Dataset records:
________________

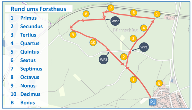 Die Cache-Reihe „Rund ums Forsthaus“ besteht aus folgenden Stationen:
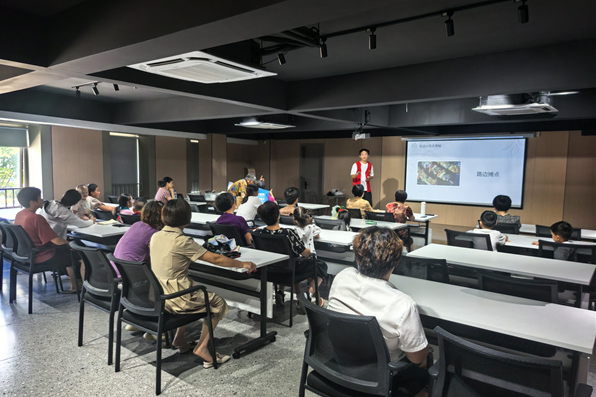 老年群体的课程以《老年人共享食安》为核心。社区工作人员先从食品安全基本概念讲起,强调食品应具备充足供应、质量安全、无污染等要素,并现场教学,指导老人如何识别绿色食品标志,选择有营业执照的正规商家。
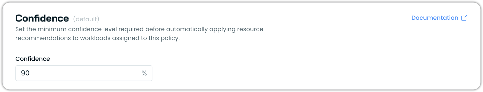 Scaling policies now include a configurable confidence threshold setting that determines the minimum confidence level required before automatically applying resource recommendations to workloads. This setting enables teams to strike a balance between optimization speed and recommendation reliability, tailored to their risk tolerance and workload characteristics.
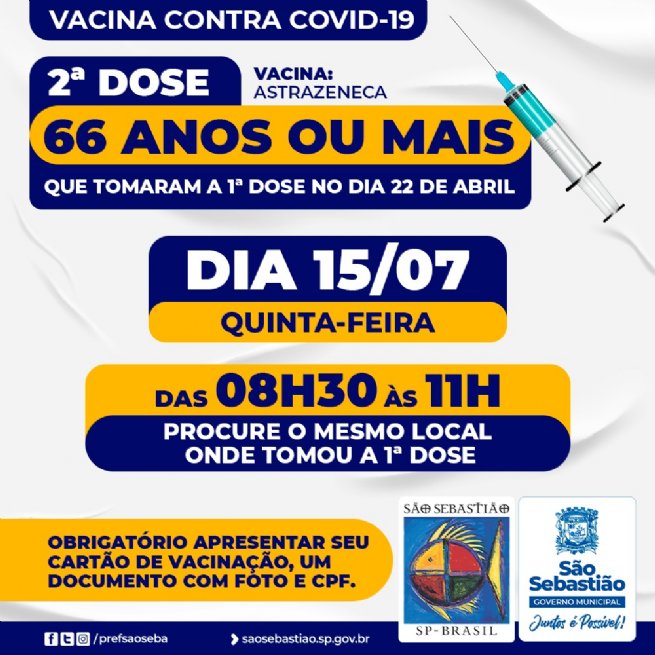 A Prefeitura Municipal de São Sebastião, por meio da Secretaria Municipal de Saúde (SESAU) e da Fundação de Saúde Pública (FSPSS), informa que nesta quinta-feira (15) o público-alvo da campanha de vacinação contra a Covid-19 serão os idosos com 66 anos ou mais que receberam a primeira dose do imunizante no dia 22 de abril. A vacina aplicada será a Astrazeneca, mesma da primeira dose.
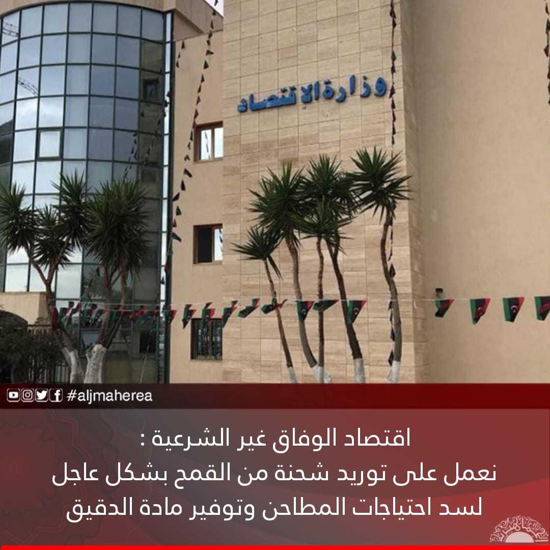 اقتصاد الوفاق غير الشرعية : نعمل على توريد شحنة من القمح بشكل عاجل لسد احتياجات المطاحن وتوفير مادة الدقيق
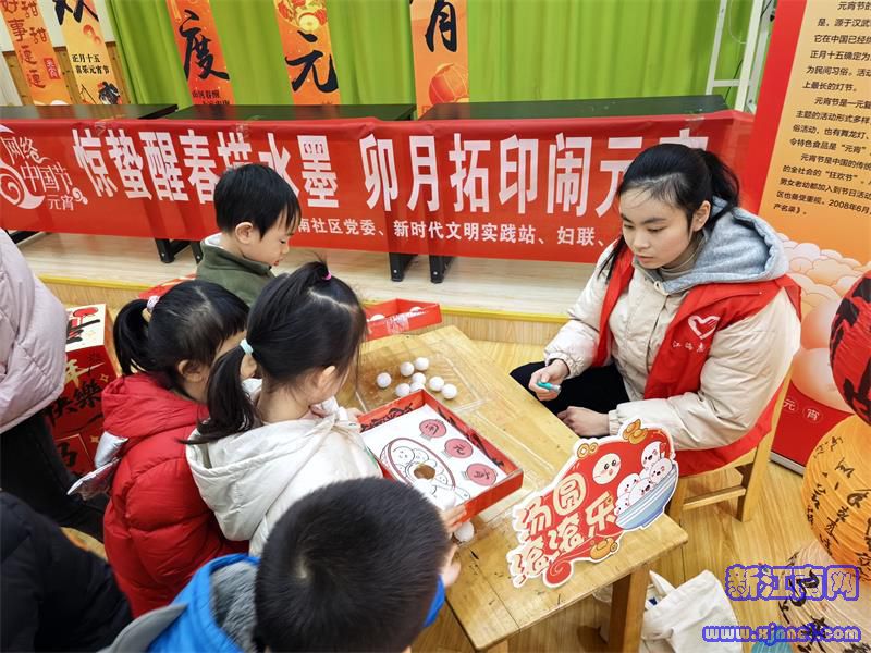 活动现场,孩子们在社区志愿者的带领下,参与了非遗拓染、国风手绘、猜灯谜、钓汤圆等丰富多彩的活动。在手工区,孩子们手持毛笔书写“福”字制成冰箱贴,用墨拓、印泥等将“元宵”“马到成功”等吉祥文字印在红色卡纸上,锻炼了动手能力,也感受到了传统技艺的魅力。猜灯谜区人气最旺,妙趣横生的灯谜内容涵盖了字谜、成语、民俗知识等,孩子们冥思苦想,踊跃抢答,在思考与欢笑中感受中华语言的智慧。“钓汤圆”游戏将活动推向高潮,孩子们手持小钓竿,小心翼翼地从“汤锅”中“钓”出“汤圆”,每成功一次便发出一阵欢呼,以童趣的方式展现了元宵节“吃汤圆,庆团圆”的习俗。
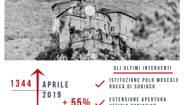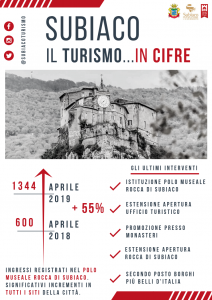 Un’analisi dei dati degli ultimi due anni, registrati dall’attrattore turistico principale del centro urbano, il Polo della Rocca di Subiaco, dimostrano un incremento delle presenze del 55%.
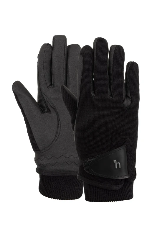 Podszyte miękkim polarem rękawiczki to idealny wybór dla dzieci jeżdżących konno w niskich temperaturach. Mocna zewnętrzna tkanina jest odporna na wodę i wiatr. Wewnętrzna część dłoni wykończona skórą zapewnia bezpieczeństwo podczas trzymania wodzy.
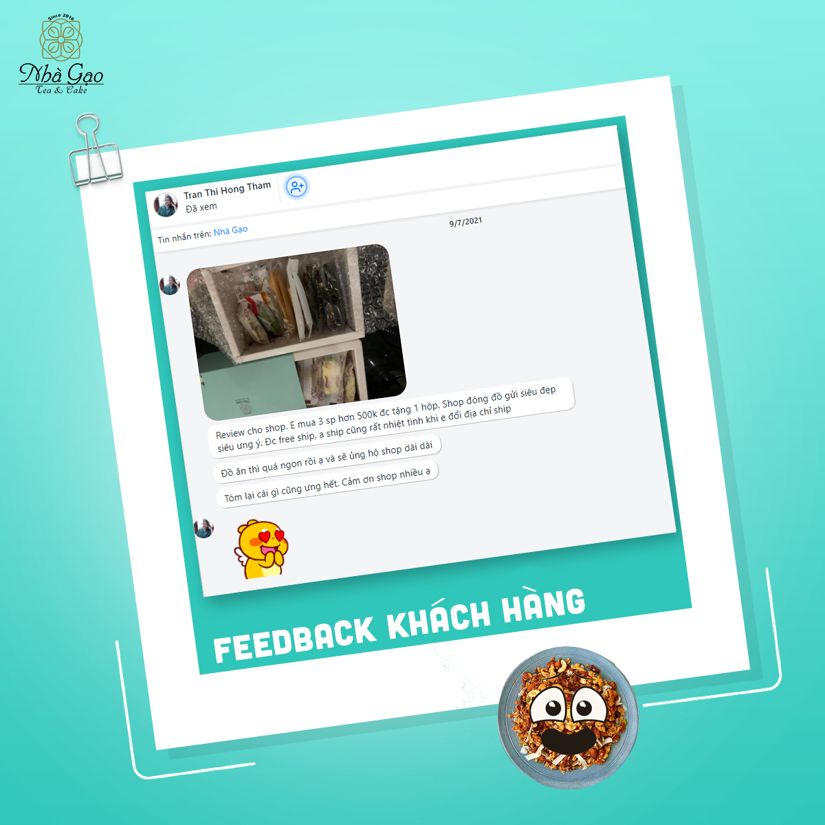 Đặc biệt KHÔNG SỬ DỤNG ĐƯỜNG, KHÔNG DÙNG BỘT MỲ, KHÔNG CHẤT BẢO QUẢN, KHÔNG CHIÊN QUA DẦU MỠ nên rất phù hợp cho chị em nào đang theo chế độ ăn eatclean và tập luyện ạ.
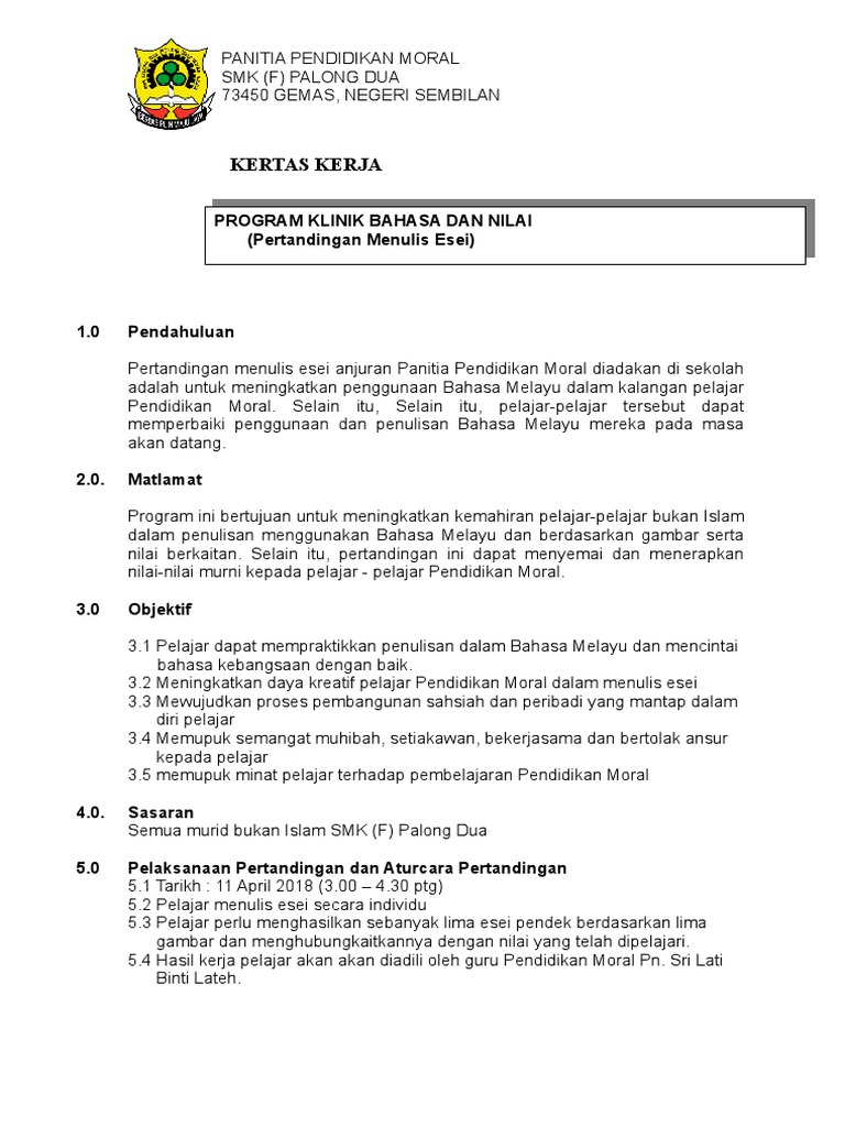 Kertas Kerja Pertandingan Menulis Esei Pdf
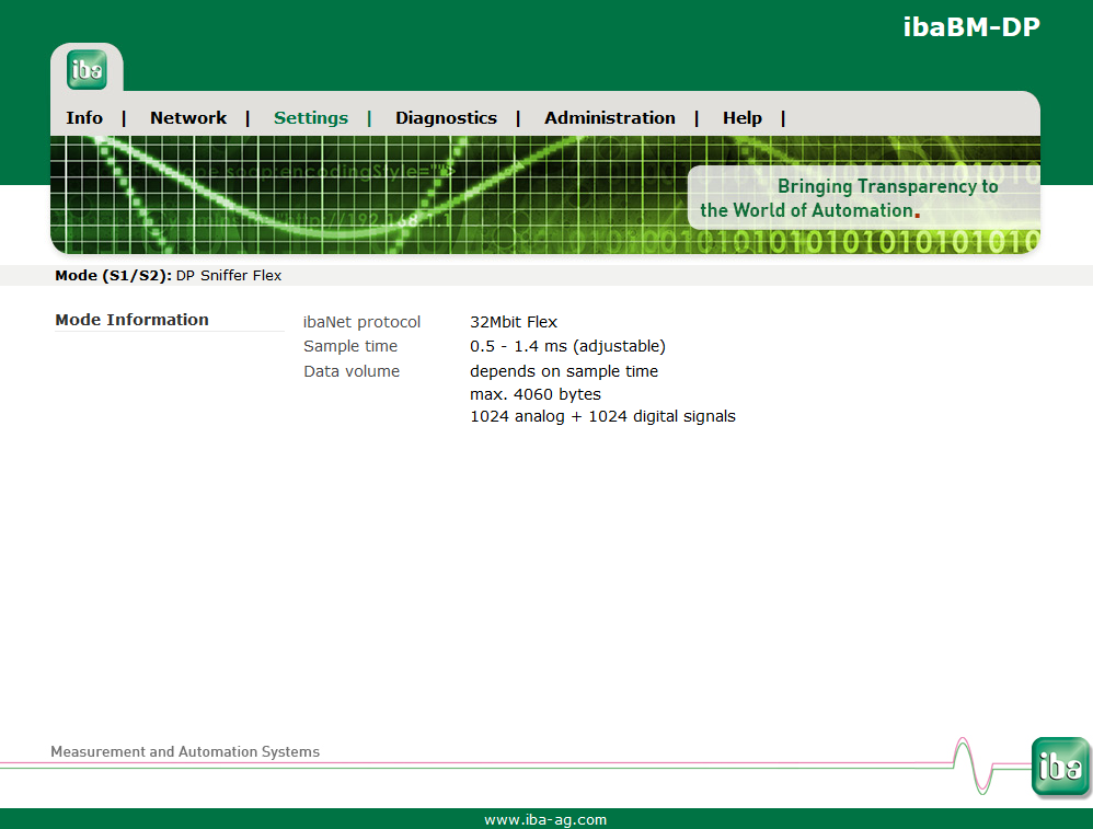 This Settings page can only be accessed by the "admin" user. Depending on the selected mode, current device settings are displayed on this page.

________________

Task prompt — Return the lines exactly as they stand, from the start of the entries through the line holding "اقتصاد الوفاق غير"; omit the pictures.

Expected answer —
 Die Cache-Reihe „Rund ums Forsthaus“ besteht aus folgenden Stationen:
 老年群体的课程以《老年人共享食安》为核心。社区工作人员先从食品安全基本概念讲起,强调食品应具备充足供应、质量安全、无污染等要素,并现场教学,指导老人如何识别绿色食品标志,选择有营业执照的正规商家。
 Scaling policies now include a configurable confidence threshold setting that determines the minimum confidence level required before automatically applying resource recommendations to workloads. This setting enables teams to strike a balance between optimization speed and recommendation reliability, tailored to their risk tolerance and workload characteristics.
 A Prefeitura Municipal de São Sebastião, por meio da Secretaria Municipal de Saúde (SESAU) e da Fundação de Saúde Pública (FSPSS), informa que nesta quinta-feira (15) o público-alvo da campanha de vacinação contra a Covid-19 serão os idosos com 66 anos ou mais que receberam a primeira dose do imunizante no dia 22 de abril. A vacina aplicada será a Astrazeneca, mesma da primeira dose.
 اقتصاد الوفاق غير الشرعية : نعمل على توريد شحنة من القمح بشكل عاجل لسد احتياجات المطاحن وتوفير مادة الدقيق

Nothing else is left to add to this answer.